(Dataset records)
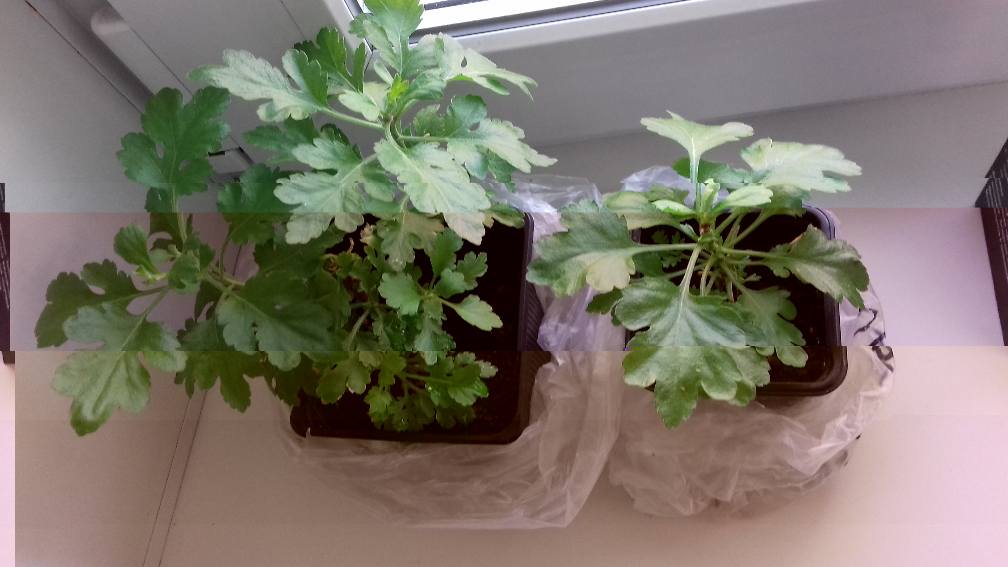 Мои хризантемки с осени стоят на окне - один сажала черенком, другой с корнями. Пока все живы, здоровы, уже прищипнула для пышности.
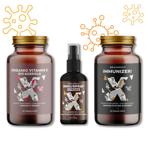 Strong Immunity Kitünk a BrainMax Organic C-vitamint a BIO acerolából, a BrainMax Immunizert és a BrainMax ImmuSpray-t egyesíti az átfogó légzésvédelem érdekében. Az acerola C-vitaminja erősíti az immunitást és megvédi a sejteket az oxidatív stressztől, míg az IMMUNIZER 17 természetes anyagot tartalmaz az immunitás általános támogatására. A BrainMax ImmuSpray gyors enyhülést biztosít a megfázás első tüneteinél, és ideális megelőző használatra.
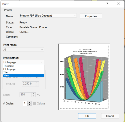 また、プリントプレビューも利用できるようになりました。これから印刷する内容を印刷する前に正確に確認できます!Print ダイアログの Print method に新たに追加された View を使えば、画面に表示されたものだけを印刷することができます。プロットの一部をズームインして印刷したい場合に便利なオプションです。
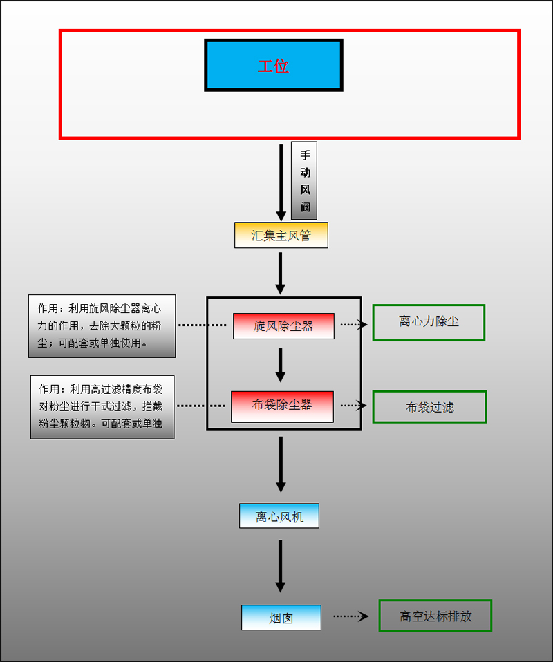 1) 解決工業(yè)未經(jīng)收集的粉塵,影響加工生產(chǎn)環(huán)境及員工的身體健康。
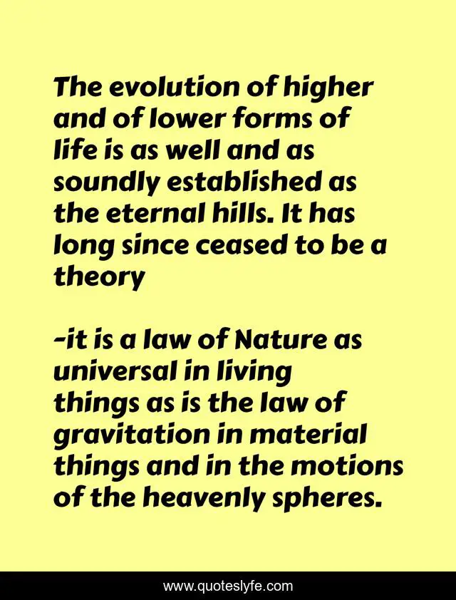 This page presents the quote "The evolution of higher and of lower forms of life is as well and as soundly established as the eternal hills. It has long since ceased to be a theory". Author of this quote is it is a law of Nature as universal in living things as is the law of gravitation in material things and in the motions of the heavenly spheres.. .
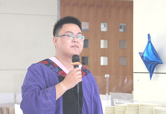 之后,2018级硕士王世杰作为毕业生代表发言,为大家讲述了自己的山大故事,抒发了自己的山大情愫。他表示三年的校园生活转瞬即逝,老师们深厚的知识和宽广的胸襟指引同学们追寻理想,祝愿老师同学们工作顺利,身体健康,也祝愿百廿山大风采依旧,再创辉煌。
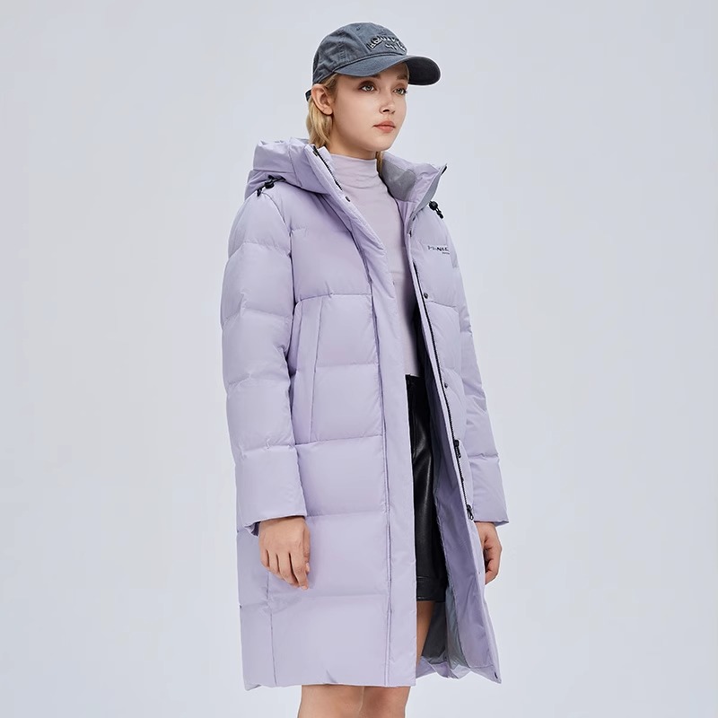 杰奥2025冬新款女士中长款连帽羽绒服纯色宽松加厚保暖外套商场款
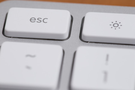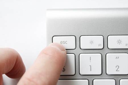 Finger Pressing Escape on a white and Grey Computer Keyboard
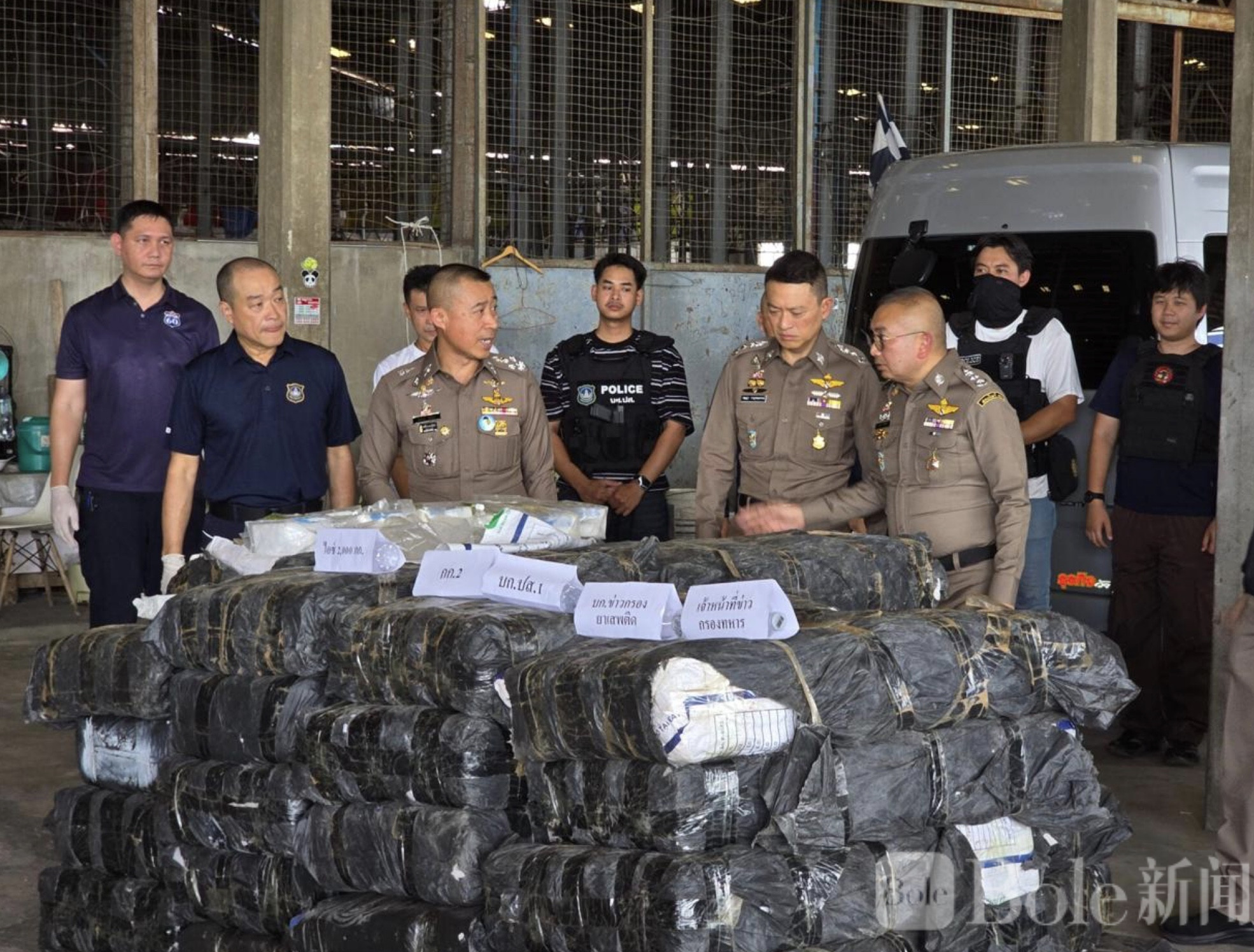 Bole新闻专讯:2026年4月10日,泰国禁毒部门联合军方展开专项行动,成功破获一起特大毒品走私案件,当场查获约1970公斤冰毒,并逮捕4名涉案嫌疑人。
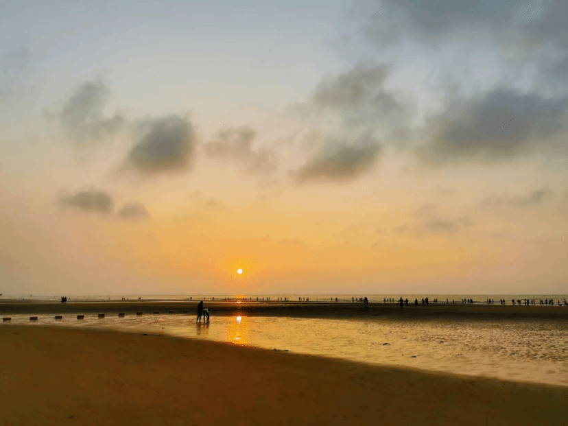 “晨光破云,第一缕金箔落在海平线,潮水褪去的沙滩上,赶海的人弯腰拾贝,新一天的故事正从浪花褶皱里生长。”
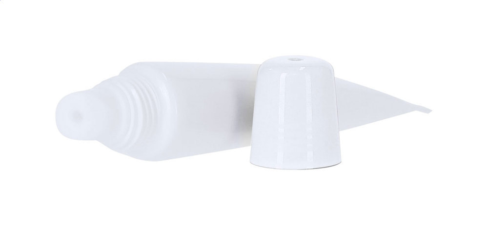 Baume à lèvres vanille en tube plastique, avec protection SPF15.
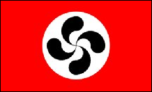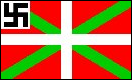 Nationalsozialistische Bewegung des Baskenlandes (Spanien) Nationalsozialistische Bewegung von Euskalherria Eine Reihe von Flaggen wurden auf Websites angebracht, um offensichtlich die baskischen Nationalistenbewegungen in Verruf zu bringen und sie mit der nationalsozialistischen Bewegung der Nazis in Verbindung zu bringen. Die Baskische Nationalsozialistische Partei des Baskenlandes existiert nicht. Das Lauburu-Symbol gehört jedoch zu den traditionellen Symbolen des baskischen Volkes. Die nicht existierende Movimiento Nacionalsocialista de Euskalherria (Nationalsozialistische Bewegung des Baskenlandes) beanspruchte diese Flagge, die das Lauburu anstelle des Nazi-Hakenkreuzes verwendet, als ihre Flagge. Sie nannten es „lauburu o esvástica vasca" (Lauburu oder baskisches Hakenkreuz) und sagten, es repräsentiere ihre nationalsozialistische Bewegung in Spanien. Auch andere fiktive Flaggen, die sich als Flaggen der Nationalsozialistischen Bewegung des Baskenlandes ausgeben, wurden ins Internet gestellt. Soweit festgestellt werden kann, gibt es im Baskenland weder eine dieser Flaggen noch eine nationalsozialistische Partei. Der „Arranano Beltza" (schwarzer Adler) wird üblicherweise auch auf baskischen Unabhängigkeitsflaggen abgebildet, hat aber nichts mit der nationalsozialistischen Bewegung zu tun. |
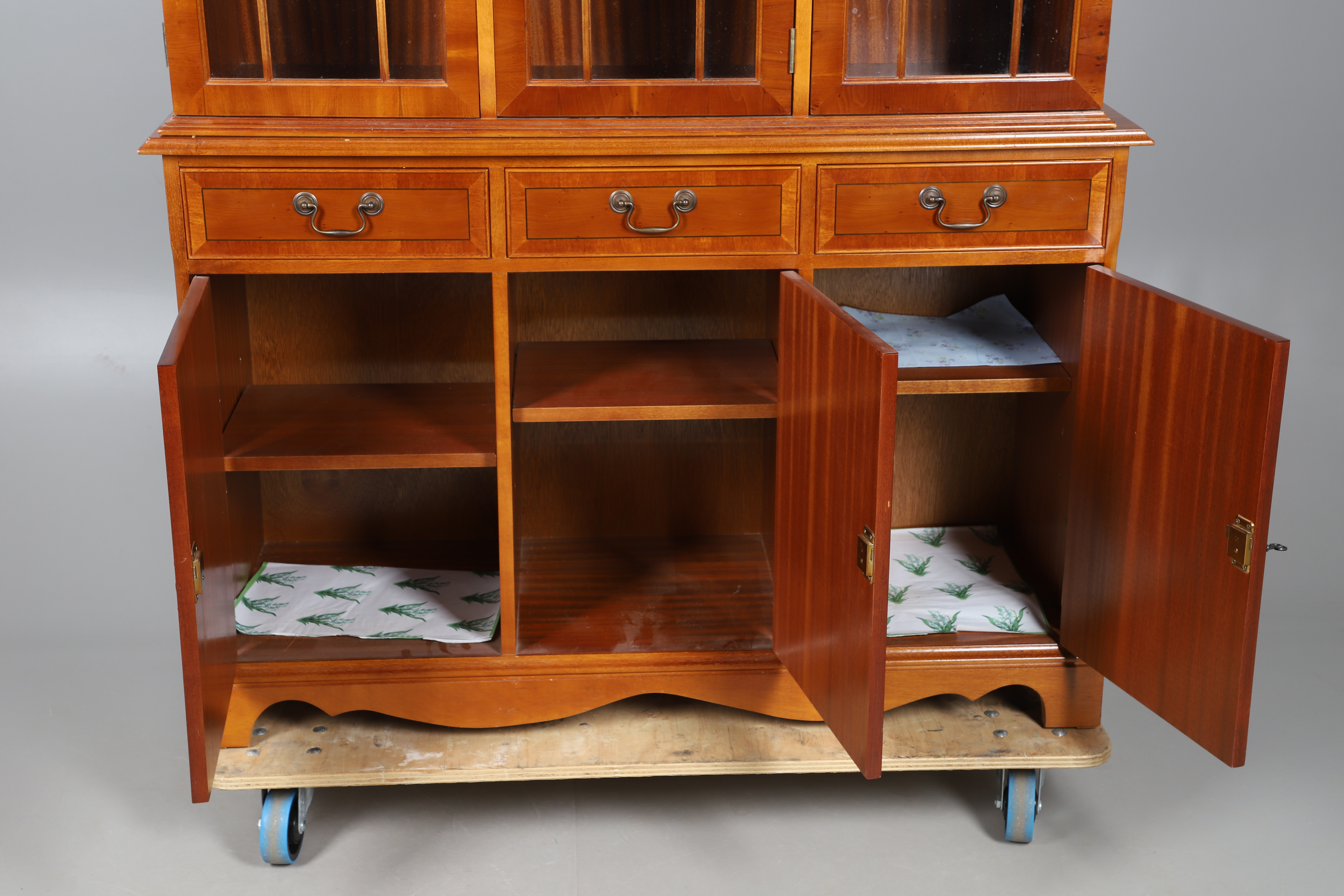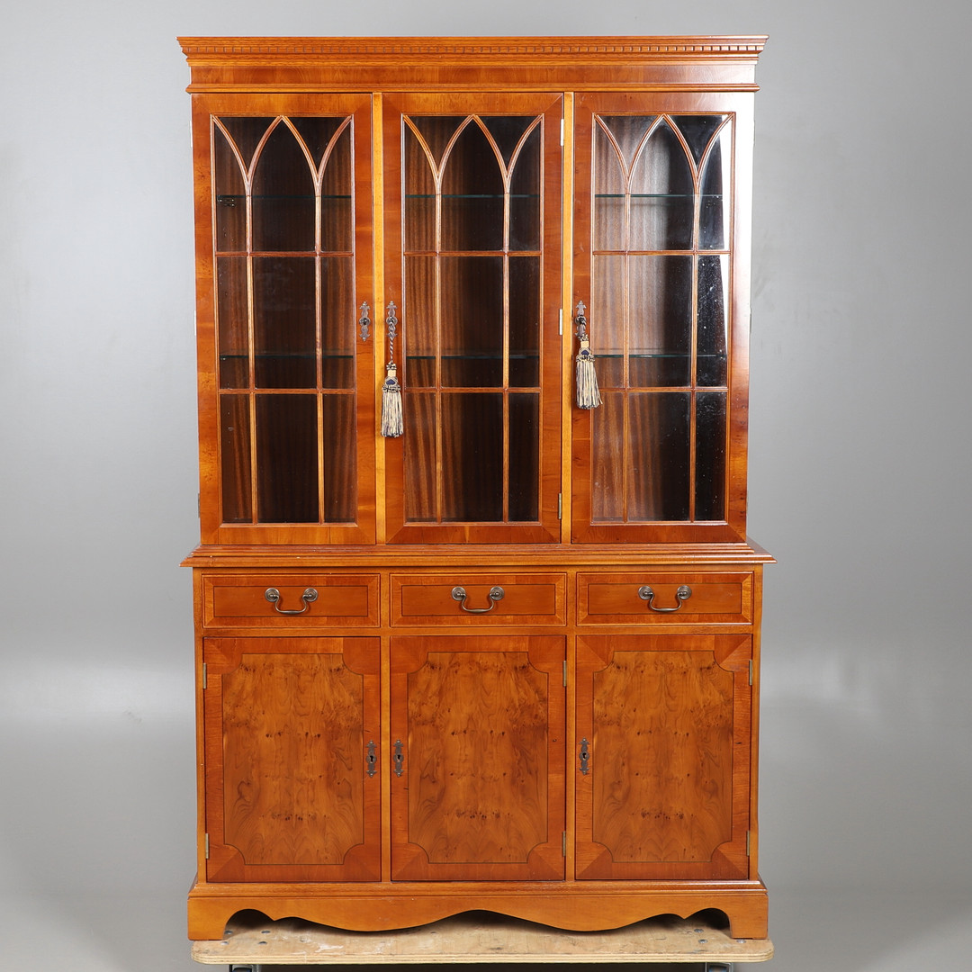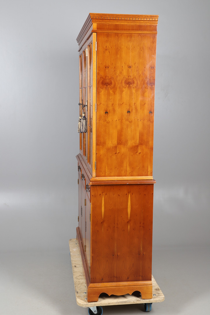 4401256. UNA ESTANTERÍA DE DOS PARTES CON ACABADO DE MADERA DE TEJO.
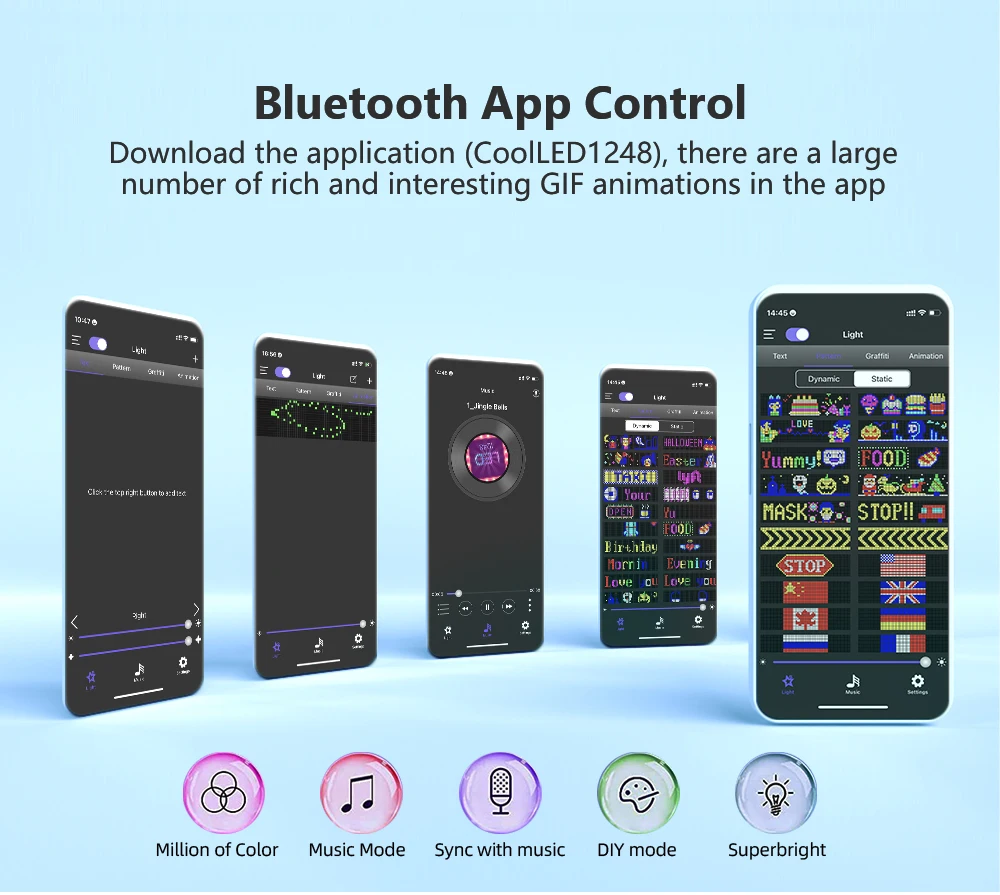 La señal LED está controlada por una aplicación conectada por Bluetooth, que admite la conexión de múltiples pantallas LED al mismo tiempo, lo que hace que su tienda sea más llamativa, la aplicación tiene incorporados muchos modos y animaciones interesantes. Su teléfono facilita la personalización de patrones y texto divertidos para personalizar su tienda.
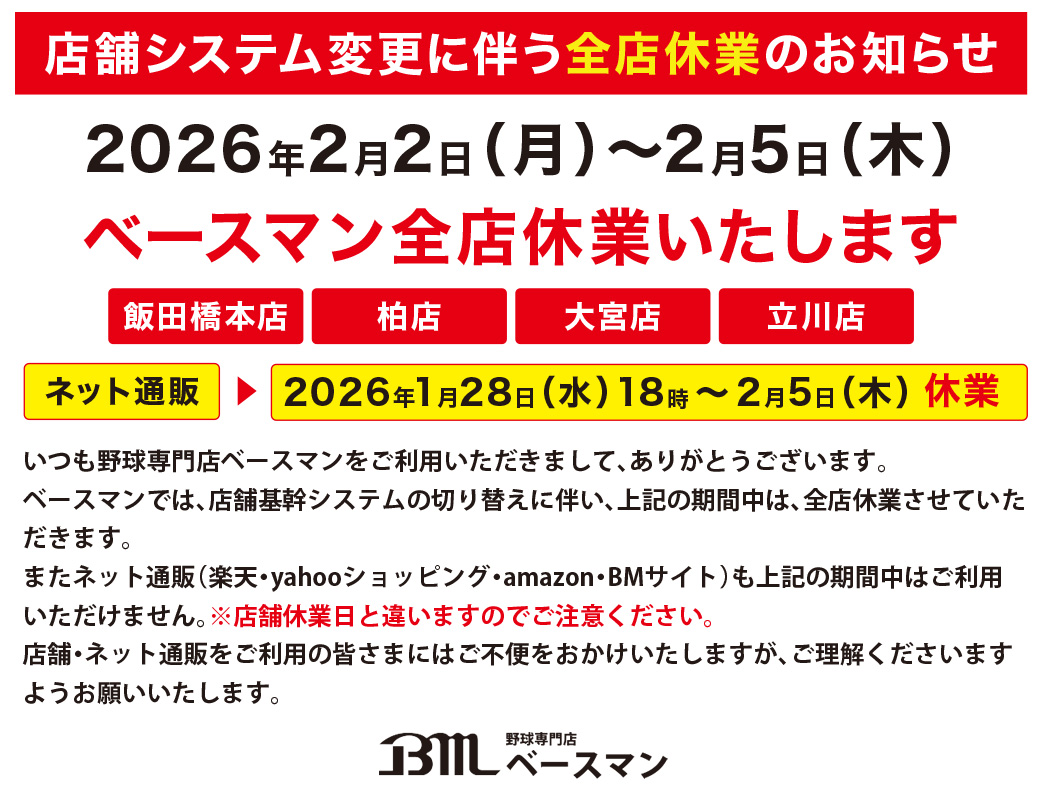 野球専門店ベースマン店舗システム変更に伴う全店休業のお知らせ

TASK BRIEF
What is needed is an exact transcription of the lines from the one containing "La señal LED" through the last line of the records above, both included, with no pictures.

SOLUTION FOR THIS TASK
 La señal LED está controlada por una aplicación conectada por Bluetooth, que admite la conexión de múltiples pantallas LED al mismo tiempo, lo que hace que su tienda sea más llamativa, la aplicación tiene incorporados muchos modos y animaciones interesantes. Su teléfono facilita la personalización de patrones y texto divertidos para personalizar su tienda.
 野球専門店ベースマン店舗システム変更に伴う全店休業のお知らせ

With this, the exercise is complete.